When a default situation arises, it's always better to try to work out a practical solution. There are numerous ways in which creative problem solving may come into play. A first step would be to communicate clearly and early with the lender. You can consider alternatives such as a loan modification, waiving unpaid payments, extending the amortization or lowering the payments. Amending your agreement with the lender may provide you with relief and the lender may allow get paid back or avoid a foreclosure process.

There are several avenues that a lender can pursue in enforcing their rights. When a default on the note is at hand, the lenders legal options with this default are:

Sue on the note

When a case goes to court, the lender can sue only on the note. They may institute a lawsuit in court against the payor or borrower, asking the court to require them to pay all money owed to the lender. A judgment can be obtained in court, requiring the full amount of the note payable to the lender. A judgment can attach all non-exempt assets owned by the borrower, allowing the lender to take those assets to satisfy the amount of the judgment. Exempt assets are those necessary for livelihood and are specified by state or federal law.

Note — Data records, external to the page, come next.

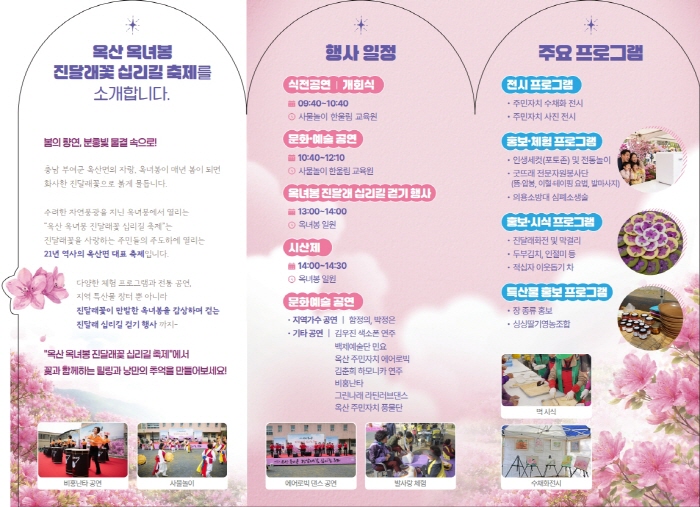 한편 제17회 옥산 옥녀봉 진달래꽃 십리길 축제는 오는 4월 4일 한울림교육원과 옥녀봉 일원에서 개최된다. 수채화·사진 등 주민자치 전시를 비롯해 문화예술 공연, 진달래 포토존, 인생세컷, 전통놀이 체험 등 다양한 프로그램이 마련돼 방문객들에게 봄나들이의 즐거움을 선사할 예정이다.
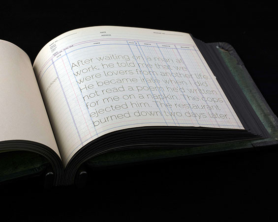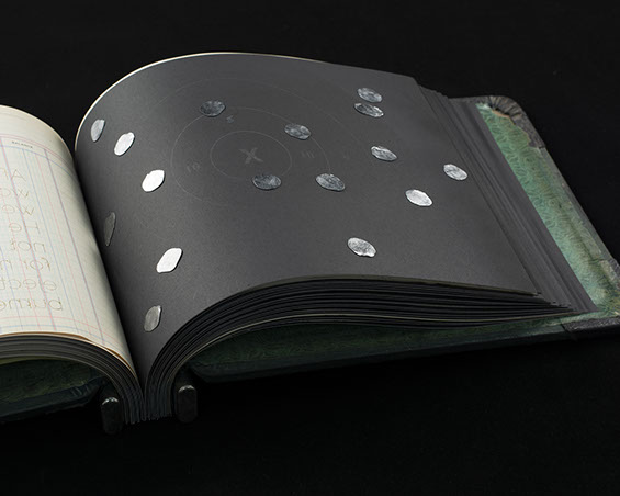Found accounting ledger, laser cut paper, lead shot, graphite.
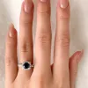 neliskulmainen sininen zirkoni sormus hopeaa kiiltävä pinta 1 viistehiottua sinistä zirkonia ja viistehiottu valkoinen zirkoni.
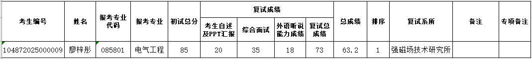 根据学校有关要求,现将电气与电子工程学院2025年面向港、澳、台地区硕士研究生招生复试成绩公示如下:
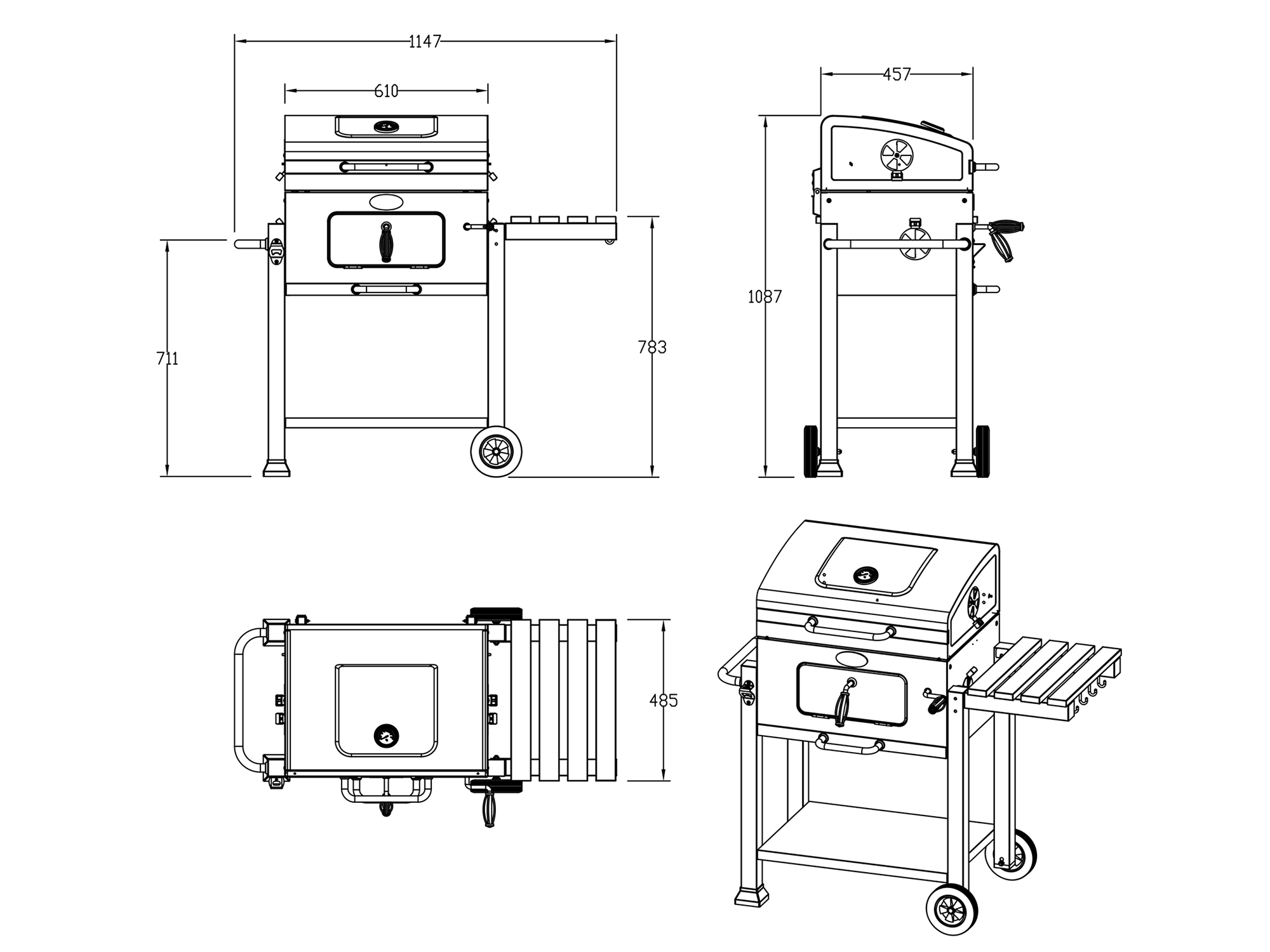 • Door de wielen verplaats je de barbecue gemakkelijk naar een andere plek

Many states will not allow such a suit. In many states, if a suit on the note is filed, a foreclosure on the Deed of Trust or Mortgage is barred. Other states will require a foreclosure process first, followed by a suit on the note. You should note that these types of suits are not the norm, as a foreclosure on a secured property is the primary means of satisfying the note outstanding.

Judicial foreclosure

An in-court foreclosure is called a judicial foreclosure, a lawsuit with specific parameters. Again the foreclosure laws will vary a great deal from state to state. A judicial foreclosure allows the lender to institute a lawsuit calling the entire note due and requesting a court ordered sale of the property to satisfy the note

When a judicial foreclosure permits the calling of the note due, taking the property may not be enough to satisfy your debt. The lender will gain a deficiency judgment against the borrower. A deficiency judgment demands that, if the lender does not receive all amounts due them from foreclosure sale of the property, the remaining balance of the debt should be paid by the borrower. The rules and requirements of both property types and borrower actions will vary greatly by state, so competent legal counsel is absolutely necessary.

Non judicial foreclosure

With an out of court process, or non-judicial foreclosure, the process is usually handled by an attorney or a foreclosure professional. In some states, the process allows the lender to re-take the property without getting any other compensation from the borrower. Other states will allow a deficiency judgment after the foreclosure process is completed. This type of foreclosure occurs when borrower has no other obvious assets or ability to pay, when the property is worth more than the loan outstanding, or when it appears that this is the only legal option.

In general the borrower has rights to bring payments up to date, in which case, the note may not have to be paid off. In many states the borrower may also have redemptive rights after the process has occurred.

Deed in lieu of foreclosure

Another way of dealing with a mortgage default that will require the cooperation of both the lender and the borrower is to transfer the property by means of a deed in lieu of foreclosure. Fast and inexpensive (legal fees), both parties agree to transfer the property to lender, avoiding the time and expense of foreclosure. Most importantly, the borrower may avoid the possibility of the lender pursuing them for a deficiency judgment.


The possibility always exists that declaring bankruptcy may be the last form of refuge in a loan default. Lenders will want to avoid such a situation as bankruptcy creates numerous delays at a considerable cost. Competent legal counsel should be sought in determining if this is the right avenue for you

With all of the alternatives discussed above, the specific rules applicable to your state will determine whether you would face the risk of having a deficiency judgment ordered on behalf of the lender. Utilize our site and the resources offered to make an educated decision as to how to proceed if you in financial distress, facing foreclosure or are in the midst of the process.